(Data excerpts)
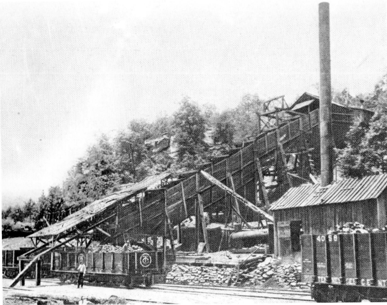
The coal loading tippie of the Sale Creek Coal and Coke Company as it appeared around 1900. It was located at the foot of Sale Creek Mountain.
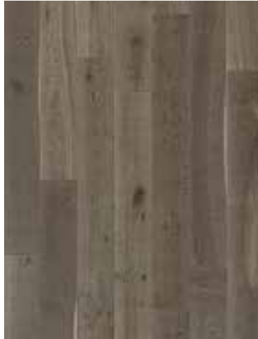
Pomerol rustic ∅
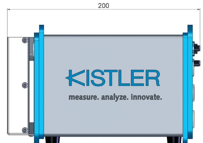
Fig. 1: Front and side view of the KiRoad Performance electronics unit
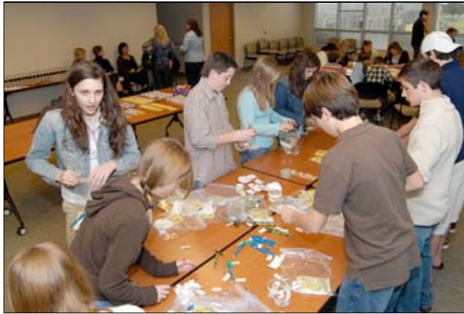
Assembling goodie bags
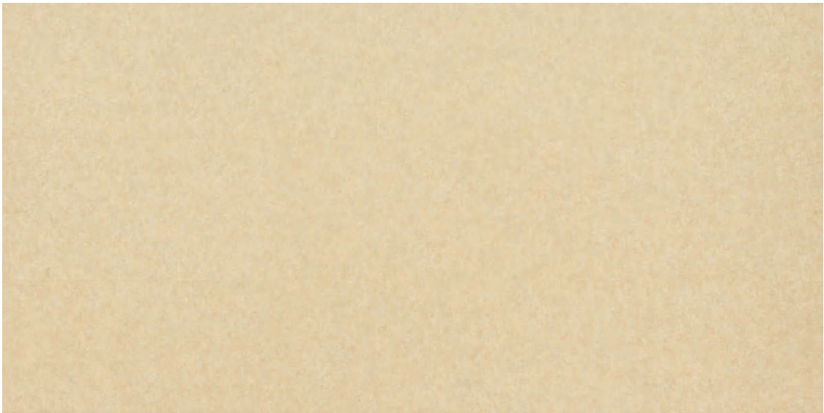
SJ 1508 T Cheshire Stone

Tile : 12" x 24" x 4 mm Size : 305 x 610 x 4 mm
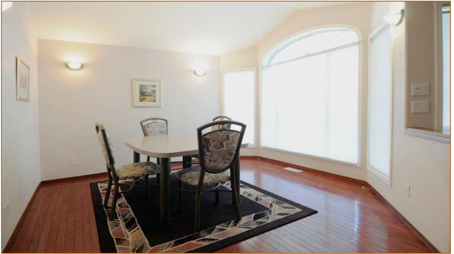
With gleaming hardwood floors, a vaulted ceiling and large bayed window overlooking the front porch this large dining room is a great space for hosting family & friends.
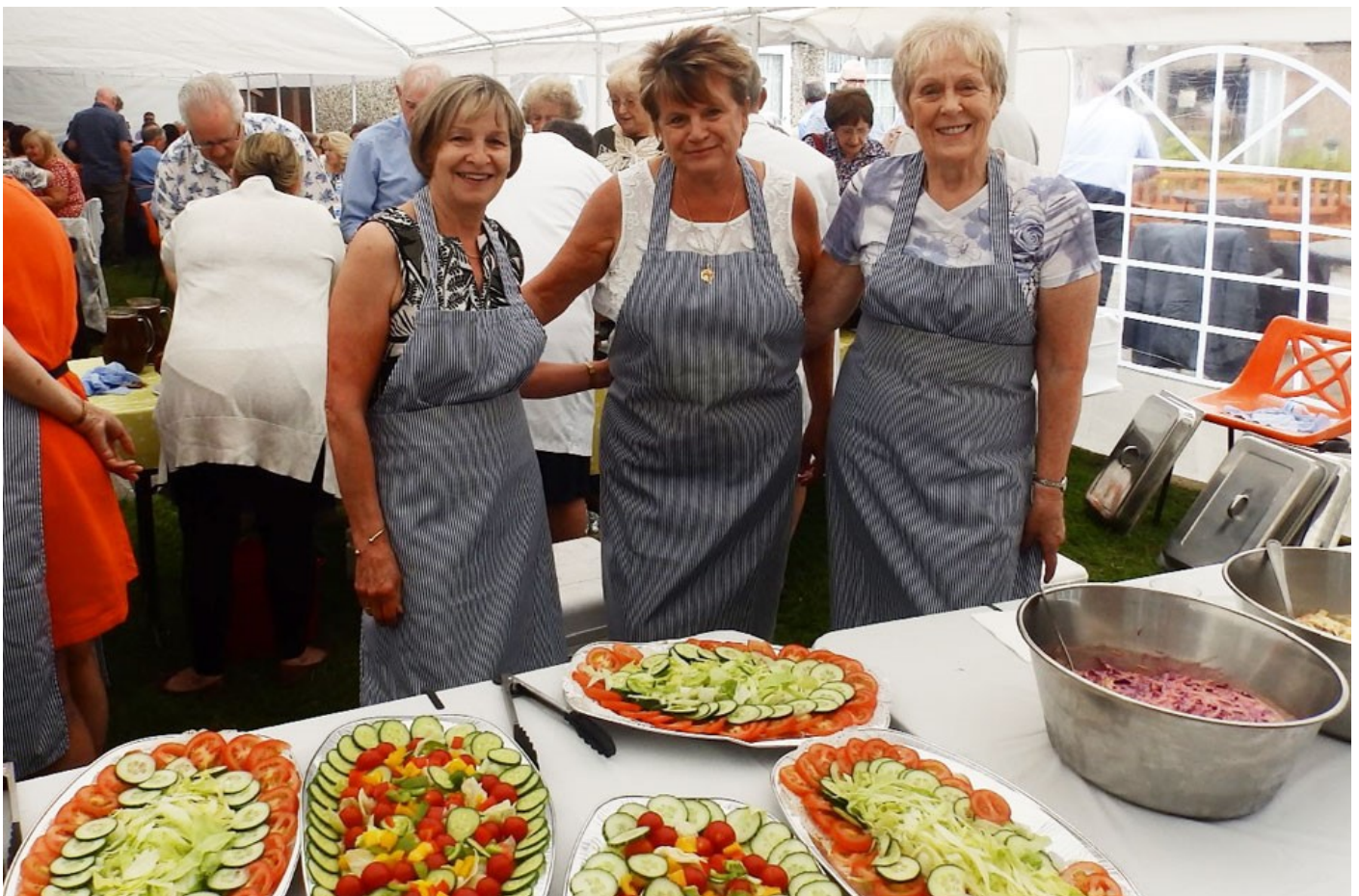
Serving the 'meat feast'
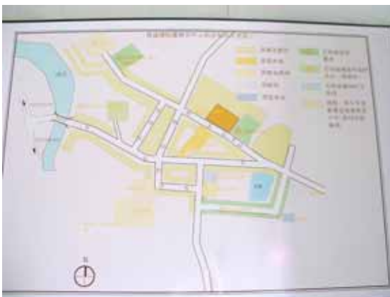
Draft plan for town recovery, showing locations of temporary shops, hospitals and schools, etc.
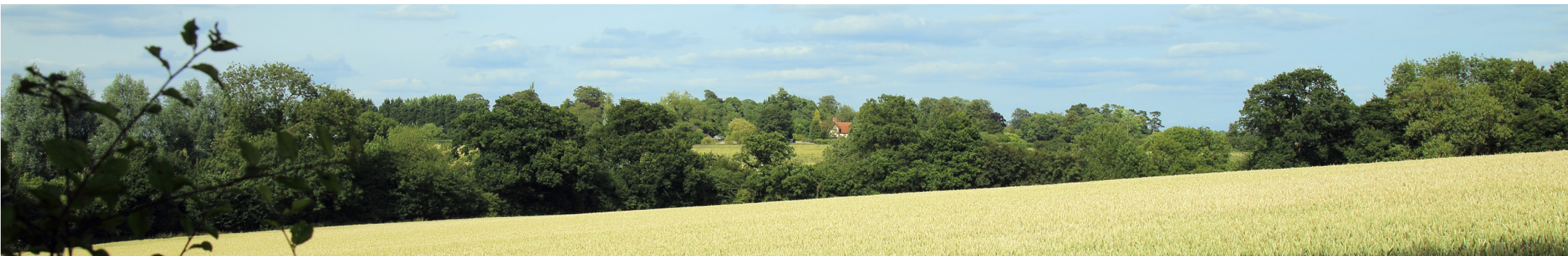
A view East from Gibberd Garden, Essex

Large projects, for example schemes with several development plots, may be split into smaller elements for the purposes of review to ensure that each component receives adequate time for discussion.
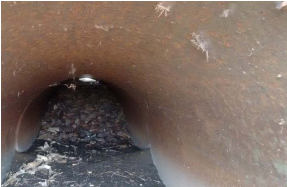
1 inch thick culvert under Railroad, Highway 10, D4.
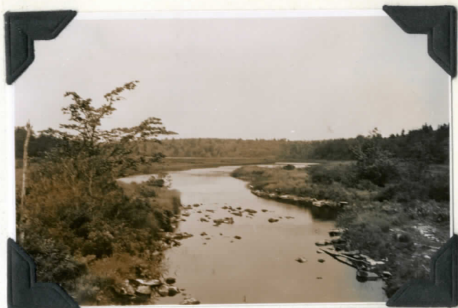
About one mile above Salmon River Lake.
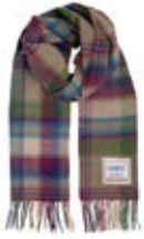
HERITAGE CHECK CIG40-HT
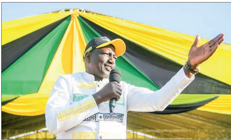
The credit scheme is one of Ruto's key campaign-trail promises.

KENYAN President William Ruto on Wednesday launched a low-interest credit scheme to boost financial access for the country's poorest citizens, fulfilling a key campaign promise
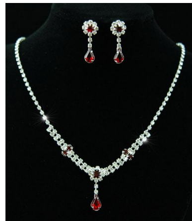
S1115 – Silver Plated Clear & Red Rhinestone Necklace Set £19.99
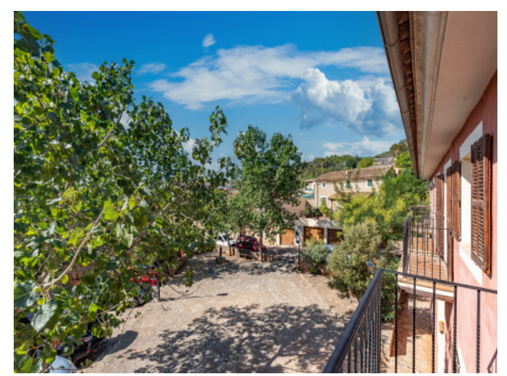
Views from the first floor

• _WORK INSTRUCTIONS_
Could you output every record above exactly as written, leaving out the pictures?

• _REPLY TO THE TASK_
The coal loading tippie of the Sale Creek Coal and Coke Company as it appeared around 1900. It was located at the foot of Sale Creek Mountain.
Pomerol rustic ∅
Fig. 1: Front and side view of the KiRoad Performance electronics unit
Assembling goodie bags
SJ 1508 T Cheshire Stone

Tile : 12" x 24" x 4 mm Size : 305 x 610 x 4 mm
With gleaming hardwood floors, a vaulted ceiling and large bayed window overlooking the front porch this large dining room is a great space for hosting family & friends.
Serving the 'meat feast'
Draft plan for town recovery, showing locations of temporary shops, hospitals and schools, etc.
A view East from Gibberd Garden, Essex

Large projects, for example schemes with several development plots, may be split into smaller elements for the purposes of review to ensure that each component receives adequate time for discussion.
1 inch thick culvert under Railroad, Highway 10, D4.
About one mile above Salmon River Lake.
HERITAGE CHECK CIG40-HT
The credit scheme is one of Ruto's key campaign-trail promises.

KENYAN President William Ruto on Wednesday launched a low-interest credit scheme to boost financial access for the country's poorest citizens, fulfilling a key campaign promise
S1115 – Silver Plated Clear & Red Rhinestone Necklace Set £19.99
Views from the first floor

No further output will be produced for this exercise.